_Data:_
----------
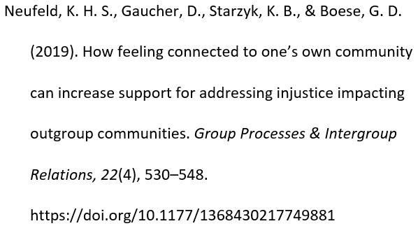 (Neufeld et al., 2019) in-text citation for work by K.H.S. Neufeld, D. Gaucher, K.B. Starzyk, G.D. Boese.
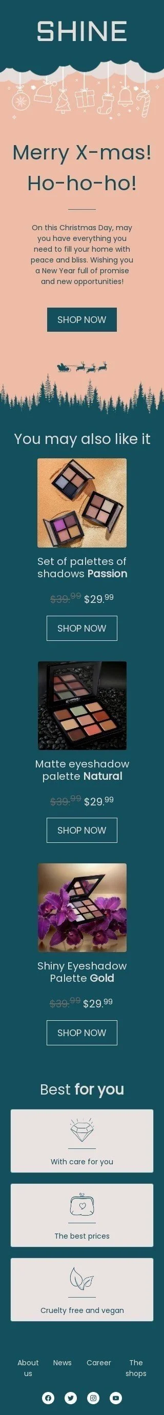 Modello email Natale «Merry X-mas! Ho-ho-ho!» per il settore industriale di bellezza e cura della persona
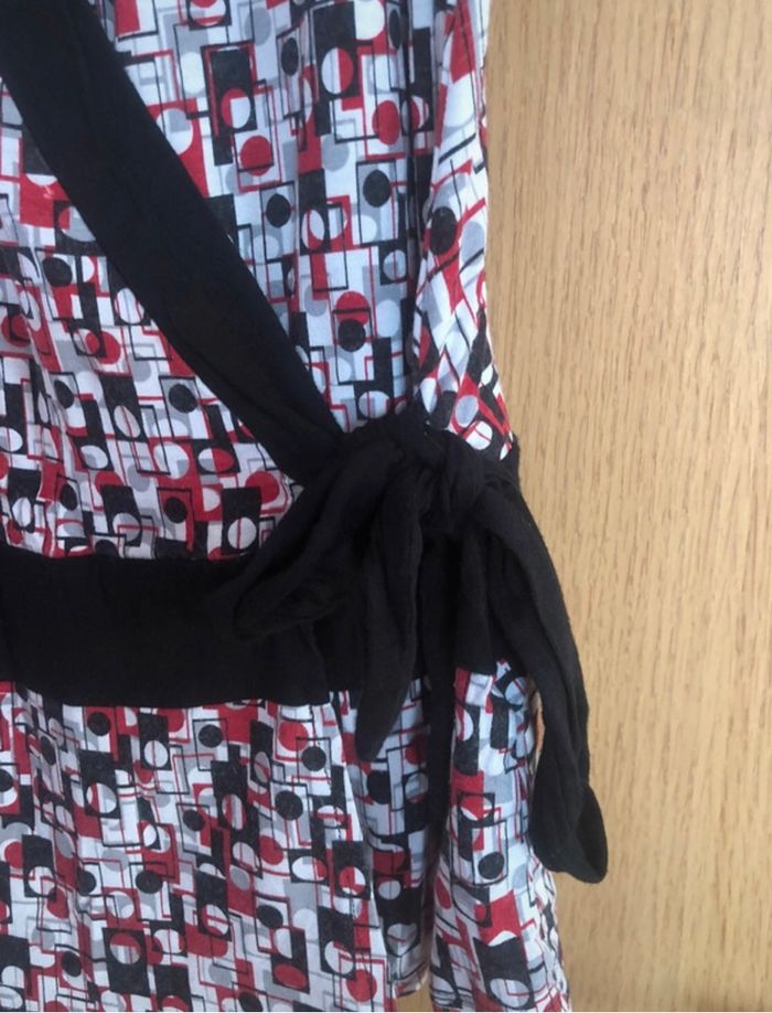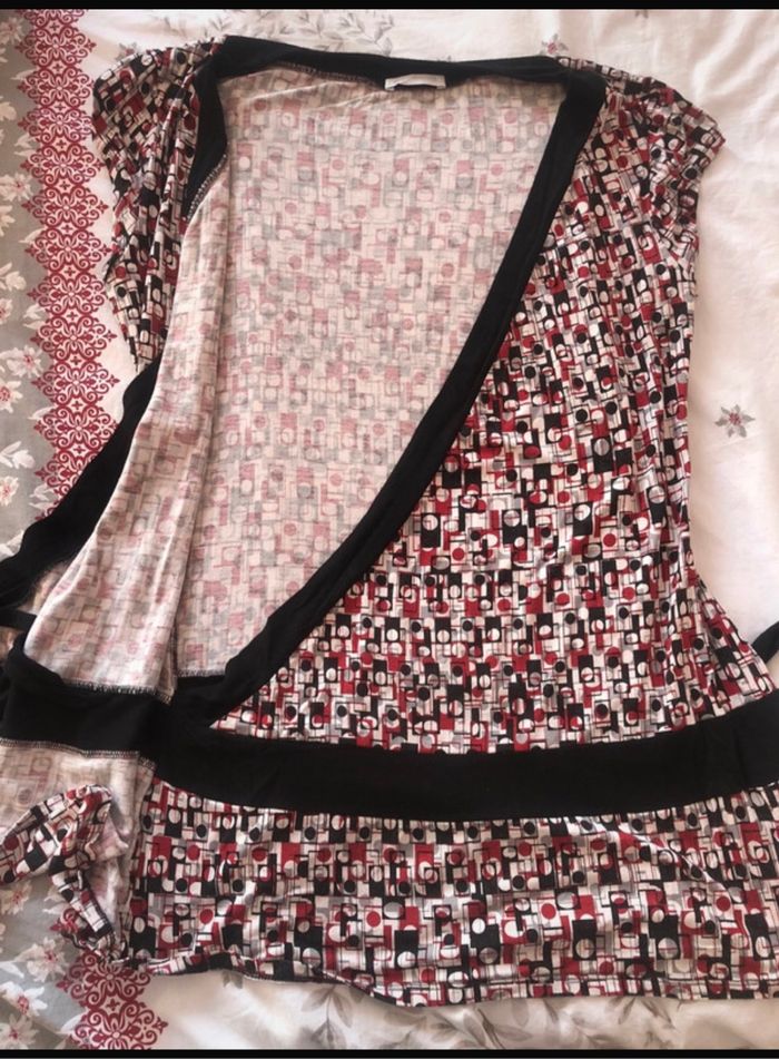 Dimensions : longueur 74cm / largeur entre aisselles 48cm / largeur épaule 39cm. Fermeture avec lien à nouer sur le côté.
----------
_What the task asks:_
Give the listing above again in its entirety, exactly as written and free of images.

_Answer space:_
 (Neufeld et al., 2019) in-text citation for work by K.H.S. Neufeld, D. Gaucher, K.B. Starzyk, G.D. Boese.
 Modello email Natale «Merry X-mas! Ho-ho-ho!» per il settore industriale di bellezza e cura della persona
 Dimensions : longueur 74cm / largeur entre aisselles 48cm / largeur épaule 39cm. Fermeture avec lien à nouer sur le côté.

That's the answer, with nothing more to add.